The theoretical treatment of self-organization is based both on microscopic, as well as macroscopic phenomenological approaches. Of particular interest is the question, whether there are general principles of self-organization, irrespective of the nature of the individual parts of the system. In synergetics (Haken (2004)) such principles could be found, at least for self-organization of the first kind, as outlined above. They are based on general concepts, such as order parameters and the slaving principle (for details see article on synergetics). The main issue is the reduction of complexity. In large classes of systems their dynamics can be described by few order parameters. This serves also as a basis for the application of catastrophe theory (R. Thom (1975) with a fully deterministic approach; for stochastic models see L. Cobb (1978)), as well as of chaos theory because both theories are based on the use of few variables.

The mathematical theory of synergetics provides an algorithm by which the order parameters and their (low dimensional) equations can be derived, provided the basic microscopic equations are known, and it allows one to formulate model equations in terms of order parameters if the basic equations are unknown.

While the principles unearthed by synergetics (which comes close to the spirit of dynamic systems theory) are of a rather abstract nature, another line of thought stresses the interpretation of the mechanisms (or principles) underlying self-organization. They can be traced back to cybernetics with its concepts of positive and negative feedback. According to Erdi (see also Erdi (2008)) behind many (if not all) self-organizing phenomena there is a balance between positive and negative feedback, or as H. Meinhardt (2008) (see also Gierer and Meinhardt (1972)) puts it, “self-enhancement balanced by an antagonistic reaction”. A few examples, suggested by these authors, may suffice here:

Examples 1

(based on Érdi, P: Complexity Explained, Springer 2007)

In chemical kinetics self-organized patterns occur due to interaction of autocatalytic (i.e. positive feedback) compensated by reaction step blocking the unbounded growth. The well-known BZ reactions are the paradigm. Turing structures are spatial structures, spiral waves (Winfree) are spatiotemporal patterns.

Somitogenesis, a segmentation process, which produces a periodic pattern along the head-tail axis are somewhat analogues to Turing structures, while spiral waves occur also in cardiac muscles.

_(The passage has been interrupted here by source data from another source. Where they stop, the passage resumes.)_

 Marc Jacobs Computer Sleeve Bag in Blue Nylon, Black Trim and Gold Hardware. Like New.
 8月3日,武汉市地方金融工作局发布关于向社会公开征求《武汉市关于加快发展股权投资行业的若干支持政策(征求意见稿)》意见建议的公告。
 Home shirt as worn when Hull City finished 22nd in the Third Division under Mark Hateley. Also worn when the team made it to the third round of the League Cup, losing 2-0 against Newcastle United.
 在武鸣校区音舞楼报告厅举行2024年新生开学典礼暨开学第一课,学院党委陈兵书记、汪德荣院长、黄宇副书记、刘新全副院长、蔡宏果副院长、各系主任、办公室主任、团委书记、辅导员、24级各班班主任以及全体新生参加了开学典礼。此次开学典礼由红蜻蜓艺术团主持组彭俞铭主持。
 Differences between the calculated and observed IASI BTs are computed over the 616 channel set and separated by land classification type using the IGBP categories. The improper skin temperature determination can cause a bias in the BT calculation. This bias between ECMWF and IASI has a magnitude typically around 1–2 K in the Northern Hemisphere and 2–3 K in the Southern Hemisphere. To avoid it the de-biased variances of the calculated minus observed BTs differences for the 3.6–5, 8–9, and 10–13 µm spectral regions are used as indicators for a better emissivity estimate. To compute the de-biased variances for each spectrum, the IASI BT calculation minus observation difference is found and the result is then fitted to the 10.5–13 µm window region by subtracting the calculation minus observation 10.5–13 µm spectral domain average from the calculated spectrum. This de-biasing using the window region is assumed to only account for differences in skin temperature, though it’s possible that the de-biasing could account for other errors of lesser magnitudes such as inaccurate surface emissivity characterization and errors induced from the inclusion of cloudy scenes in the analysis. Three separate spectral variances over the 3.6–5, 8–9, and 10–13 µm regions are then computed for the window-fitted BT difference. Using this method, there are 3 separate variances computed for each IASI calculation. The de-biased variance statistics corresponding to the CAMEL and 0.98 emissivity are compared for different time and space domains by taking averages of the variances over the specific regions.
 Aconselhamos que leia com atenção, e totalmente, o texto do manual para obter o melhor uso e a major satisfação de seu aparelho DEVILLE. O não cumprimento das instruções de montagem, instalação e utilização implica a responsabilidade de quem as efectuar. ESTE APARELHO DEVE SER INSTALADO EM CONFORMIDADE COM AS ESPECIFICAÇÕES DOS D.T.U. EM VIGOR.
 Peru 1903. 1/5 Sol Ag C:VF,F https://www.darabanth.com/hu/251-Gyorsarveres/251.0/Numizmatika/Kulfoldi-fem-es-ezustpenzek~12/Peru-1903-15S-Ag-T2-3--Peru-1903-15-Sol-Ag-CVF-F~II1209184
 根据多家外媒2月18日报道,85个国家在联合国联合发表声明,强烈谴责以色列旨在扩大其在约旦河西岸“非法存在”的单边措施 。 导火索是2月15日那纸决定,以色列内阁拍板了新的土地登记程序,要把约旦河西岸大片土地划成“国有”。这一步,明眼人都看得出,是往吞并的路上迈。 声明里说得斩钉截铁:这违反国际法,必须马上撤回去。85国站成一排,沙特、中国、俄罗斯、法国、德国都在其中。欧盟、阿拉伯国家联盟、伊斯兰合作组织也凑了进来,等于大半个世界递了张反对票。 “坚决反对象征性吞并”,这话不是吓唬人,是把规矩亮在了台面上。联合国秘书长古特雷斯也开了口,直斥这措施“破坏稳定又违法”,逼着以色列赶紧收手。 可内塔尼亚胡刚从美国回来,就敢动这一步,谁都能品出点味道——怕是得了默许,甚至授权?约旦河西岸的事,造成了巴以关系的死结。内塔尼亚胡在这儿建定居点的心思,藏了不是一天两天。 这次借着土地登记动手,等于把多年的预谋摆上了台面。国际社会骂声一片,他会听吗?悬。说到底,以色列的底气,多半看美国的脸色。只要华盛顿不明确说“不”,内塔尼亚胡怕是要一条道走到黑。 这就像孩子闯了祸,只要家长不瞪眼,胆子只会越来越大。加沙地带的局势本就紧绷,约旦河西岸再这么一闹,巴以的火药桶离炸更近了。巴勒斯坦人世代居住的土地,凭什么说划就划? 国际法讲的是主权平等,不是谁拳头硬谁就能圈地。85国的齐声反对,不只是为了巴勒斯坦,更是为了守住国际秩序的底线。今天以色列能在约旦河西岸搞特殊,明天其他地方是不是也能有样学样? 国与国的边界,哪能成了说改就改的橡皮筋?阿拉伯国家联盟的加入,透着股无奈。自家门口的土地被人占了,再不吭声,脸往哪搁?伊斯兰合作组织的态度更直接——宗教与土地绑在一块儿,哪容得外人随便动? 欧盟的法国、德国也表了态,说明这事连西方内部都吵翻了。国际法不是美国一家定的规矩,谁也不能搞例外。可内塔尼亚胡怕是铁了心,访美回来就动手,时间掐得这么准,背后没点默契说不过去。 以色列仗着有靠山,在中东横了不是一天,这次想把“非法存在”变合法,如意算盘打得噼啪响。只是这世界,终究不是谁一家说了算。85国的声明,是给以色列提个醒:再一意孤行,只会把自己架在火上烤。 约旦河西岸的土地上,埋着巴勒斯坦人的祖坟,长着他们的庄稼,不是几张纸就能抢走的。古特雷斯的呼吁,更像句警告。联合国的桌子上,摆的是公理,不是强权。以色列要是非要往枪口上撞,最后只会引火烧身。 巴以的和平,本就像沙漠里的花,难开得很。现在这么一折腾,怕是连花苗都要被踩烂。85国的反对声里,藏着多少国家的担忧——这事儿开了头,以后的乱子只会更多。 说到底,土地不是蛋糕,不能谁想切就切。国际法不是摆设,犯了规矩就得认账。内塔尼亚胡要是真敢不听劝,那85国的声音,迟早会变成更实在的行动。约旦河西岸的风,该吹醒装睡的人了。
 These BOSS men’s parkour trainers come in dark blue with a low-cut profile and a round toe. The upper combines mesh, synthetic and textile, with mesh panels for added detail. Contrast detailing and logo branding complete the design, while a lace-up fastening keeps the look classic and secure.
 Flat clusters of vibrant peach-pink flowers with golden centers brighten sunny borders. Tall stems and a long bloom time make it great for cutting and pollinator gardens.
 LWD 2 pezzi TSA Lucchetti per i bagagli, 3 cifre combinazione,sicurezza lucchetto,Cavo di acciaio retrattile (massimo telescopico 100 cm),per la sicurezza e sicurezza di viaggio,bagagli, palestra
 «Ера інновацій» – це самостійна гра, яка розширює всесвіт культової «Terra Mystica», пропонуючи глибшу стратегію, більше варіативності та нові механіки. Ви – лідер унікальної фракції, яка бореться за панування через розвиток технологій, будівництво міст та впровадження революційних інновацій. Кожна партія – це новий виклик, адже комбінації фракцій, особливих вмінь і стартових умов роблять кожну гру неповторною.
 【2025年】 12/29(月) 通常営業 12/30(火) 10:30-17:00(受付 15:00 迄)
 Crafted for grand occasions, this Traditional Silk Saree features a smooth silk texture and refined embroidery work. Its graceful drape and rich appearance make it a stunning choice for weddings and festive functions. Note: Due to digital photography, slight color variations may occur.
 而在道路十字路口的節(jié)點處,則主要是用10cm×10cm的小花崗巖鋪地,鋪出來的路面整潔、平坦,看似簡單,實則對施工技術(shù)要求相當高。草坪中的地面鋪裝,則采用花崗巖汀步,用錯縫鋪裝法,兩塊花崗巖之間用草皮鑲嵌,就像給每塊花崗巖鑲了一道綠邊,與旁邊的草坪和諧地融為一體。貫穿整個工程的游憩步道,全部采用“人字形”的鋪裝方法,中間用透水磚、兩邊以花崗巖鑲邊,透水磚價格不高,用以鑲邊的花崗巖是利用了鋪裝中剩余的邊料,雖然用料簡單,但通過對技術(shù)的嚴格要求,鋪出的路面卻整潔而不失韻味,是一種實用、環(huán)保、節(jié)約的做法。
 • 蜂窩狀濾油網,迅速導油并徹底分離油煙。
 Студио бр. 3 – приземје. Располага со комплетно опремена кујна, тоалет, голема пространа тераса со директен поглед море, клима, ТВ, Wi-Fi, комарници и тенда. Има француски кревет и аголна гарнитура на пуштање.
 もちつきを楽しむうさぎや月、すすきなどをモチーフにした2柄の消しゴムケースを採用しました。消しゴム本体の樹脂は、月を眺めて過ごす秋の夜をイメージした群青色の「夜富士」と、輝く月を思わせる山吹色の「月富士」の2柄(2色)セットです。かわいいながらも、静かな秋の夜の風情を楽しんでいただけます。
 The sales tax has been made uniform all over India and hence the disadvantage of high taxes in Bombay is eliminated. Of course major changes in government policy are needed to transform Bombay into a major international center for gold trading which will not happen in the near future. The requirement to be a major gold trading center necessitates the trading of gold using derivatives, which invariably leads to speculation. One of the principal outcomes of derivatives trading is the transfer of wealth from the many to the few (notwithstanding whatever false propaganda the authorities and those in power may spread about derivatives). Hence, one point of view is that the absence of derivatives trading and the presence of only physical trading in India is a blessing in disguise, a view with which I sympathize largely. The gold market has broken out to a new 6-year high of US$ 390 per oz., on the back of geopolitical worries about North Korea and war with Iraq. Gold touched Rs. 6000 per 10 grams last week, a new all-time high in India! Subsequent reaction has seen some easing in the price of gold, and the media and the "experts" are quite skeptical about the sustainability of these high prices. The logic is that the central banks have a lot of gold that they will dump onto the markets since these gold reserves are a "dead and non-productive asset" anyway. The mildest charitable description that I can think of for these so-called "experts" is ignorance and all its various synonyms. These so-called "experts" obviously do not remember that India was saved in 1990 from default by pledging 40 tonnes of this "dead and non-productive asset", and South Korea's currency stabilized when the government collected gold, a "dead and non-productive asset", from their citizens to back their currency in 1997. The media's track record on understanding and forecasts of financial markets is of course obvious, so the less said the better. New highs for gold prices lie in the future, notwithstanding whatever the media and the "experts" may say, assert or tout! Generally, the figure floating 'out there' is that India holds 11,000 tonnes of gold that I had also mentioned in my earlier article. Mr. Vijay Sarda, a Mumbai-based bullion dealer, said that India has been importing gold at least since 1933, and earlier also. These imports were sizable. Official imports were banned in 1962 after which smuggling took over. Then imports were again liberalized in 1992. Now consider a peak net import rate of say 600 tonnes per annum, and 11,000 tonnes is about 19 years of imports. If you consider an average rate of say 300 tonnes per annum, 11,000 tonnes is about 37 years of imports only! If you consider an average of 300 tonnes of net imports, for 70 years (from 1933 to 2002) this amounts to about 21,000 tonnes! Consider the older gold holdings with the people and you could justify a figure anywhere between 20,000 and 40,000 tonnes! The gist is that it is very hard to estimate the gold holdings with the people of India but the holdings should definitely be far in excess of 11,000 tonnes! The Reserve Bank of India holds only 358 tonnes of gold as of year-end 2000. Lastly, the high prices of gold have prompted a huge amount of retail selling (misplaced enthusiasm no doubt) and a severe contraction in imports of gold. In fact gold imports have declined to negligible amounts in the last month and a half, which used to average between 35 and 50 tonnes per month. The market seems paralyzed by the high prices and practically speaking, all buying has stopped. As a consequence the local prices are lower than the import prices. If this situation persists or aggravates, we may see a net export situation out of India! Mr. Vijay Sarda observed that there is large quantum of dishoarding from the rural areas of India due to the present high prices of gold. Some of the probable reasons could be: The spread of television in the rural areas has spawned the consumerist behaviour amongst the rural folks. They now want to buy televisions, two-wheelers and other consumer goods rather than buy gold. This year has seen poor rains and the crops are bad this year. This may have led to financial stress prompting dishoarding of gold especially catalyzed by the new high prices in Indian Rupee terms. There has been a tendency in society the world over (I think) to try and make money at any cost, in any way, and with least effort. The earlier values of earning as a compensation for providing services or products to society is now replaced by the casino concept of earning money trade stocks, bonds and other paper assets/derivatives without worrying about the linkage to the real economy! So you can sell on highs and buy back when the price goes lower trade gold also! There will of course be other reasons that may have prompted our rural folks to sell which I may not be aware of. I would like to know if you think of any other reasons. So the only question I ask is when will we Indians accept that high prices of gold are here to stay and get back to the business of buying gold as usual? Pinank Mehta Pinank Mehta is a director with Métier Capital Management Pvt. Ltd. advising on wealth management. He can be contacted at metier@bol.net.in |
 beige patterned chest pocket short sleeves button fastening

Population dynamics, ecological systems: connectivity, stability, diversity, resilience, resistance. The fundamental question is how does the stability of an ecological system change if there is a change in the connectivity of the network of interacting populations, and/or in the strength of the interactions. Model studies show that weak connections enhance stability, and they ...may be the glue that binds natural communities together. (McCann et al. (1978)).

Epidemics. Epidemics is characterized by the rapid increase of the size of infected population due to consequence of the interaction between infected and susceptible individuals. Infected can converted to a removed pool spontaneously or by external control.

War dynamics. R.W. Lanchester derived and analyzed a model of classical warfare. An famous extended version of the model given by GF Gause (a biologist in Moscow) in 1934, as a model of the struggle for existence. The model is able to show the principle of competitive exclusion (one side wins, and the other becomes extinct), and coexistence, which can be interpreted as permanent war.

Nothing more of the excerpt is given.